Renal apoptotic signals in obese dyslipidemic mice. A. Representative renal Terminal deoxynucleotidyl-transferase dUTP nick end labeling (TUNEL) staining. The number of TUNEL-positive cells per 1000 cells was increased in High fat+Vehicle (HV) compared with Control+Vehicle (CV). n=5 each; Wilcoxon test. B. Active caspase-3 staining in the kidneys. Active caspase-3 positive area (red) percent tended to be increased in HV compared with CV. n=4 each; Wilcoxon test. *P≤0.05 vs.

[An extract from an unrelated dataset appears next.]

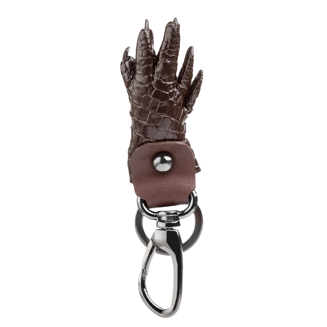 Оригинальный брелок из натуральной кожи крокодила - настоящая лапа рептилии. Для крепления использован надежный карабин темно-серебряного цвета и кольцо для ключей. Изделие подходит, как и для ключей, так и как аксессуар для сумочки или рюкзака.
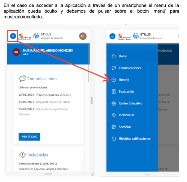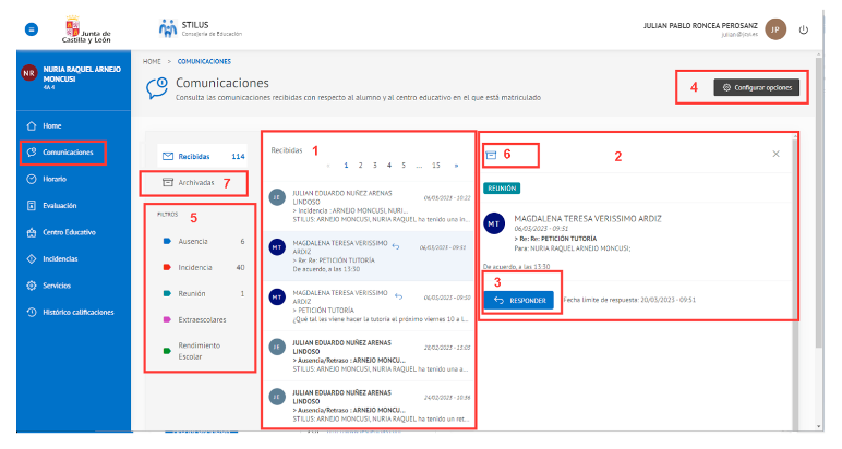 - Visualizar las comunicaciones del centro recibidas a través de Stilus-familias.

CV.

Figure 5.

Representative renal Periodic acid-Schiff (PAS), Masson’s trichrome (MT), and collagen-I staining. A. PAS staining illustrated that compared to Control+Vehicle (CV), high-fat diet (HV) led to glomerulomegaly (black arrow) and mesangial matrix expansion (black arrowhead), which were unaffected by quercetin (HQ). In addition, abundant vacuoles (yellow arrow) localized mostly to proximal tubular cells of HV mice, whereas their brush borders were relatively intact. CV n=7, CQ n=7, HV n=6, HQ n=6; two-tailed Student’s t-tests. B. Cortical trichrome staining showed significantly lower interstitial fibrosis (blue stain) in HQ than in HV. CV n=7, CQ n=6, HV n=6, HQ n=7; Wilcoxon test. C. In renal collagen-I staining, collagen-I positive area (red) percent was not significantly different among the groups. n=6 each; Wilcoxon test. *P≤0.05 vs. CV, †P≤0.05 vs. HV.